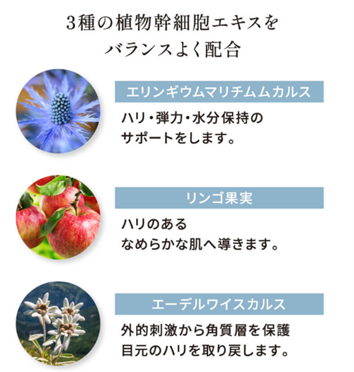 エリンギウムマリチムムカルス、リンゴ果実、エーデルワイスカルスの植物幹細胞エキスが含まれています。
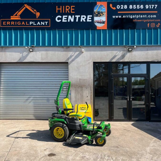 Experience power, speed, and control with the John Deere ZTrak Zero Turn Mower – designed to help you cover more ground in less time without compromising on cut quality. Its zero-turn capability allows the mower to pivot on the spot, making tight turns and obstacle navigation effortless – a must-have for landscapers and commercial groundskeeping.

---

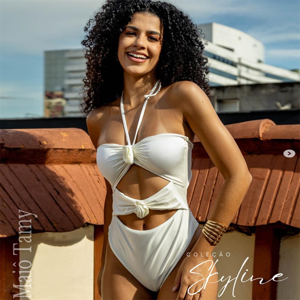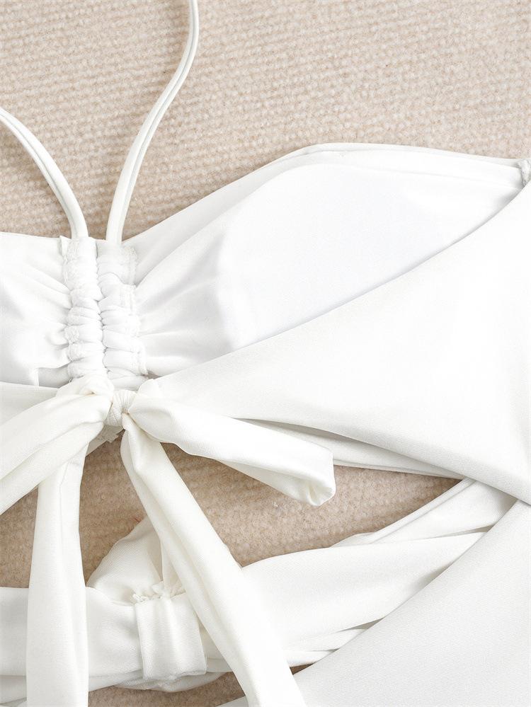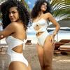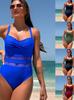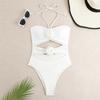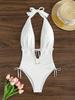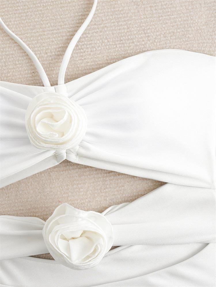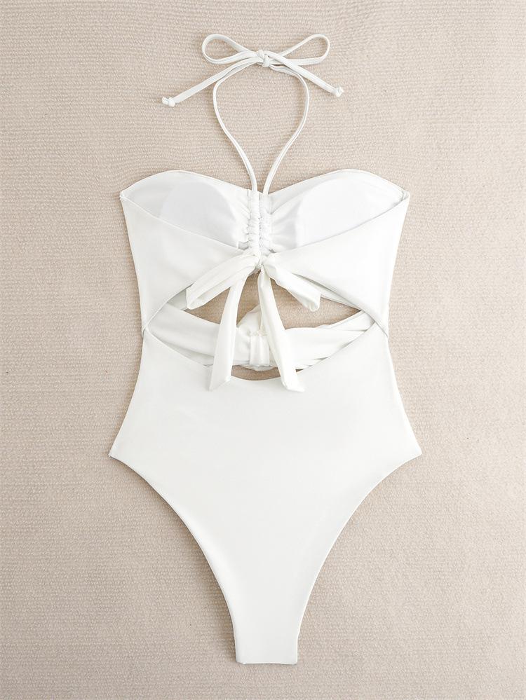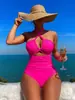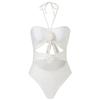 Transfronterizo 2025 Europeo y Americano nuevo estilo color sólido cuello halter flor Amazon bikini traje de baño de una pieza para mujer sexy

TASK ITEM – Reproduce exactly the lines of the data above that run from the line with "エリンギウムマリチムムカルス" down to the line with "Experience power, speed, and", both ends included. Pictures do not belong in the copy.

RESULT OF THE EXERCISE –
 エリンギウムマリチムムカルス、リンゴ果実、エーデルワイスカルスの植物幹細胞エキスが含まれています。
 Experience power, speed, and control with the John Deere ZTrak Zero Turn Mower – designed to help you cover more ground in less time without compromising on cut quality. Its zero-turn capability allows the mower to pivot on the spot, making tight turns and obstacle navigation effortless – a must-have for landscapers and commercial groundskeeping.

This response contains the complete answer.